Advances in Genetics pp. 4-5 (1956)
Metabolism and Spontaneous Mutations in Plants
Francesco D'Amato, Instituto di Botanica dell'Università, Pisa Italy,
and Otto Hoffman-Ostenhof, Erstes Chemisches Laboratorium der Universität, Vienna, Austria

2. Remarks on Some Morphological and Physiological Aspects of Seed Aging

It has been known for some time that plants grown from aged seeds frequently show retarded growth and aberrations in their development. As early as the seedling stage, the following aberrations have been observed:

(a) In various Crepis species (Nawashin, 1933; Nawashin and Gerassimova, 1936a,b) as well so in Pisum sativum (D'Amato, 1953a,b), necrosis of the meristems of the radicle; in Pisum the meristems may be completely suberized.

(b) In the same plant species, occurrence of adventitious roots from the hypocotylar and/or epicotylar regions and, less frequently, from the stump of the atrophied radicle.

(c) In Antirrhinum majus (Stubbe, 1935a), in Crepis species (Nawashin and Gerassimova, 1936a), in Oenothera berteriana (Schwemmle, 1940), in Nicotiana tabacum (Gisquet et al., 1951), in Nicotiana rustica (Scarascia and Venezian, 1953), and in Pisum sativum (D'Amato, 1953a,b), early death of the seedlings.

As for plants raised from aged seeds, the following aberrations have been reported:

(a) In Oenothera campylocalyx, Schwemmle (1952) observed a statistically significant reduction of the size of the leaves, sepals, and petals, and later a decreased mean height of the mature plants. A reduction in the vegetative development has also been reported of plants raised from aged seeds of maize, garden pea, barley, wheat, and soybean (for reference, cf. D'Amato, 1954). The phenomena of reduced growth observed in all these cases seem to have much in common with the changes in morphological and physiological characteristics in vegetative plant parts, occurring in some species as a symptom of meristem aging (cf. Ashby and Wangermann, 1954). As pointed out by Mather (1954) and by D'Amato (1954), detailed investigations of these phenomena might greatly contribute towards our understanding of the changes taking place during development and aging.

(b) In wheat (Schkwarnikow, 1937) and in tobacco (Gisquet et al., 1951), reduced fertility has been found; Avery and Blakeslee (1936, 1943) observed pollen abortion in Datura.

(c) In tobacco, wheat, and maize, changes in shape and appearance of some vegetative parts, including chlorophyll defects, have been described (for reference, cf. D'Amato, 1954); Peto (1933) has reported chlorophyll defects of the "striata type" in maize, which were phenotypically similar to those obtained by Stadler (1930) in maize plants raised from X-ray-treated seeds.

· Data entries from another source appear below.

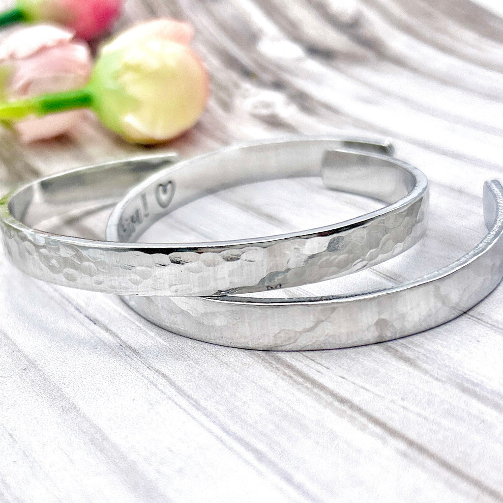 Ce joli bracelet en aluminium a été gravé à la main. Un cadeau original pour un nounou. Indiquer le nom du nounou dans la cadre de personnalisation.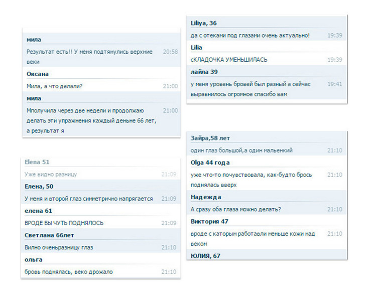 Вот скрины с впечатлениями, ощущениями и результатами участниц открытого практического занятия, на котором мы выучили одно простое упражнение по подтяжке верхнего века. И заметьте (!) это всего лишь после однократного выполнения - участницы впервые освоили упражнение и проделали его на занятии.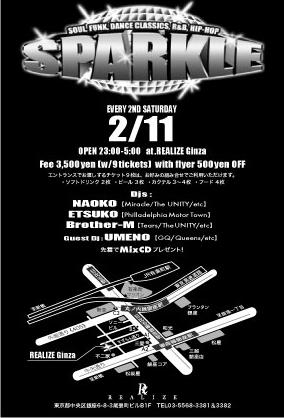"SPARKLE"(毎月第2土曜日23:00〜開催!) @REALIZE Ginza 毎月弟2土曜日23:00〜華の銀座でお送りしているNEWイベントです!ダンクラ、Funk、Soulから最新R&B・Hip-Hopまで、Black Music全般を楽しんで頂けるイベントです! 今回11回目はレギュラーのETSUKO、BROTHER-Mの2人+ゲストDJにDJ UMENO(赤坂GQ)を迎えてお届けし致します!レギュラーのKIYOMI2月のみお休みさせて頂いて、DJ NOAKOが登場します!☆2月も皆さまと一緒に楽しい夜を過したいと思っております!SPARKLE・・・煌き、閃光・・・あなた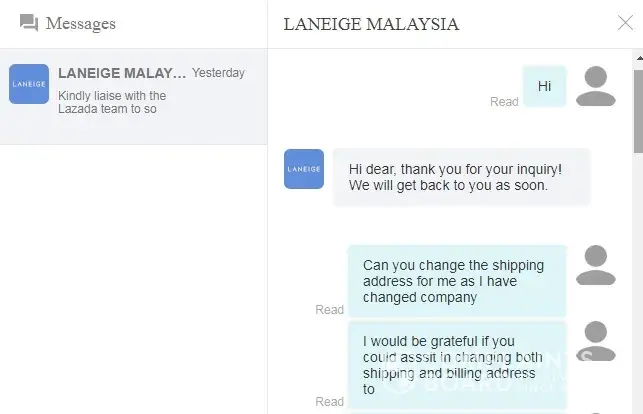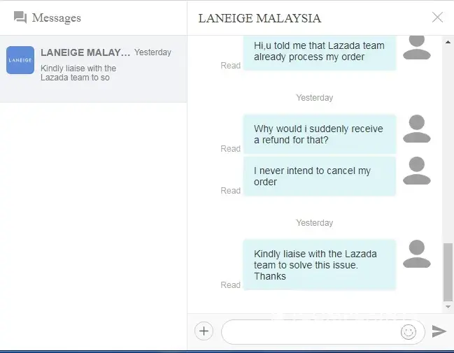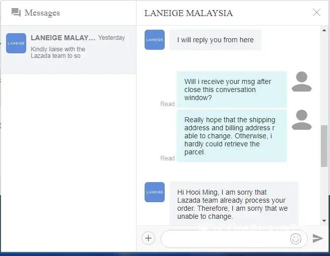I have ordered an item from Laneigh Malaysia whereby the order number is #[protected]. Later on, I make a request for a change of shipping and billing address to Laneigh Malaysia whereby the Laneigh Malaysia rejected my request and told me that the item have been packed and sent. Hence, I'm expecting the parcel would be sending to the said shipping address and had arranged my friend to receive it. However, I received an email from Lazada Malaysia on the next day informed me that the item has been cancelled and refund process initiated. I'm so upset with it and make enquiries towards both Lazada Malaysia team and Laneigh Malaysia. The explanation given by Lazada Malaysia team was that the order being cancelled was due to shipping delay and can't arrive in expected date. I reverted to their message and stated that I don't mind to receive the parcel late. I also raised the question on the explanation given by them was contradicting with what Laneigh Malaysia given me previously. At the same time, I send a message to Laneigh Malaysia hoping they could resolve the said issue with Lazada Malaysia. No response from them. This is the worst e-shopping experience I ever had. I never want a refund but to get the product which I have purchased.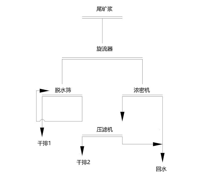 隔膜式壓濾機的工作效果突出,并有優良性能,全自動化、改善維護效果、降低運營成本,濾餅水分低于傳統板框壓濾機和帶式壓濾機。根據我們的經驗,由于銅尾礦具有固含量比較高,礦顆粒比較細,粘度大的特點。如果采用常規的板框壓濾機進行壓濾脫水,周期較長,效率較低。為了解決該問題,可以采用如下工藝:旋流器—脫水篩—濃密機—隔膜壓濾機。該工藝不僅僅適用于顆粒較細的尾礦,并且有一次性投入小,占地小,效率高,脫水效果好,運行成本低的特點。具體如下圖示:
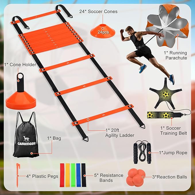 • Agility Training Equipment Kit: Includes 20 ft 12 rungs no tangle fixed-width agility ladder with fixable 4 stakes, resistance parachute, 24 yellow disc soccer cones with cone holder, 5 resistance bands, 3 reaction balls, solo soccer trainer belt, and jump rope.Whether you are a beginner or an expert, the speed training equipment can meet your training requirements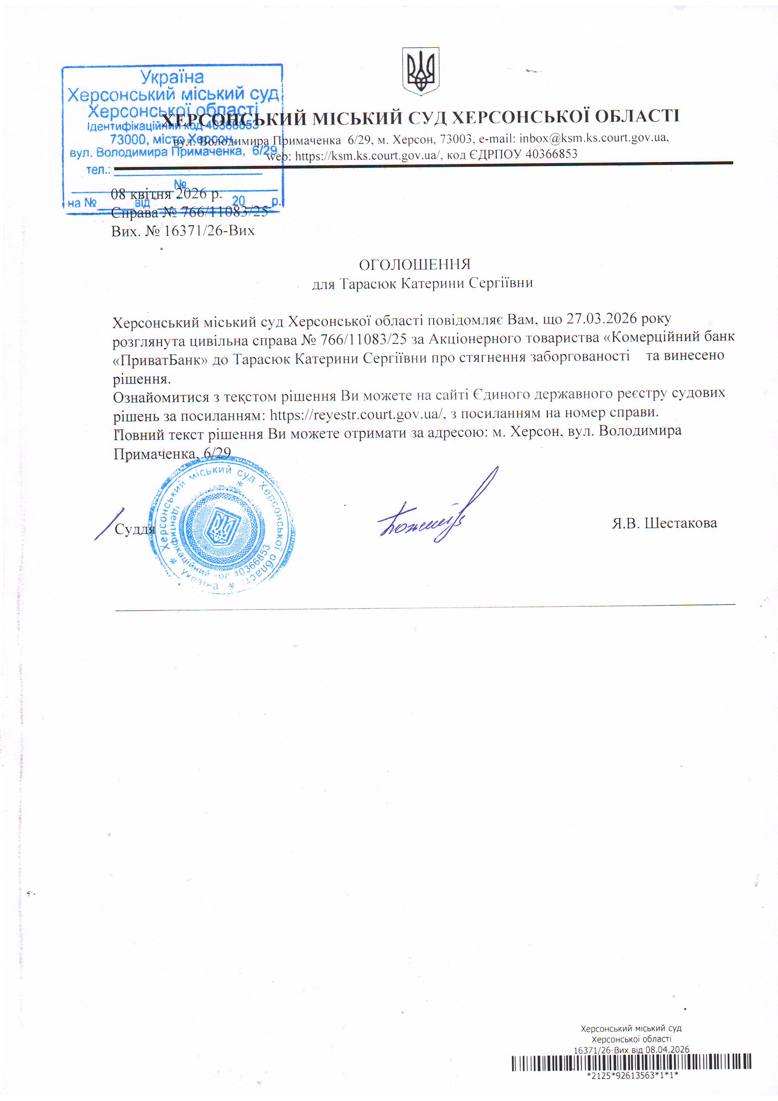 Оголошення для Тарасюк Катерини Сергіївни про винесення рішення

In connection with the well-known phenomenon of the decrease and loss of seed germinability, occurring at different times according to the species and to the external conditions, some interesting phenomena have to be discussed. When we study the course of germinability in relation to duration of storage in seeds with a short or medium life span, after a certain time, a sudden and pronounced decrease of germinability can be observed in many cases. Some examples of such a behavior are to be found in Tables 17 and 18 of the book of Crocker and Barton (1953); a few further illustrative cases will be mentioned here:

In the homozygous strain 50 of Antirrhinum majus, Stubbe (1935a) found a decrease of the germination rate of the seeds from about 73% to 26% between the ninth and the tenth year of storage. According to Crocioni (1934), seeds of Brassica campestris var. oleifera, stored for 5 years, still showed a germination rate of 88%, while after 6 years, germinability had decreased to 1%. In Nicotiana tabacum, Gisquet et al. (1951) found that seeds of the 1945 crop, stored under laboratory conditions at the Bergerac Tobacco-Breeding Station, kept normal germinability up to the end of 1948; during 1949, a rapid decrease of the germination rate took place (March, 25%; July, 9%; end of August, 1%).


CybeRose note: The highlighted text above may explain the traditional value of old seeds of melons, cucumbers, balsams, cabbages, turnips, etc. The seedlings of old seeds are physiologically older than seedlings raised from fresh seeds. Thus, traits associated with maturity (flowering or heading or bulbing) occur earlier.

As for the similar performance of some plants raised from unripe seeds, it may be that the rejuvenation of the meristem is not completed, and therefore the seedlings are also physiologically older.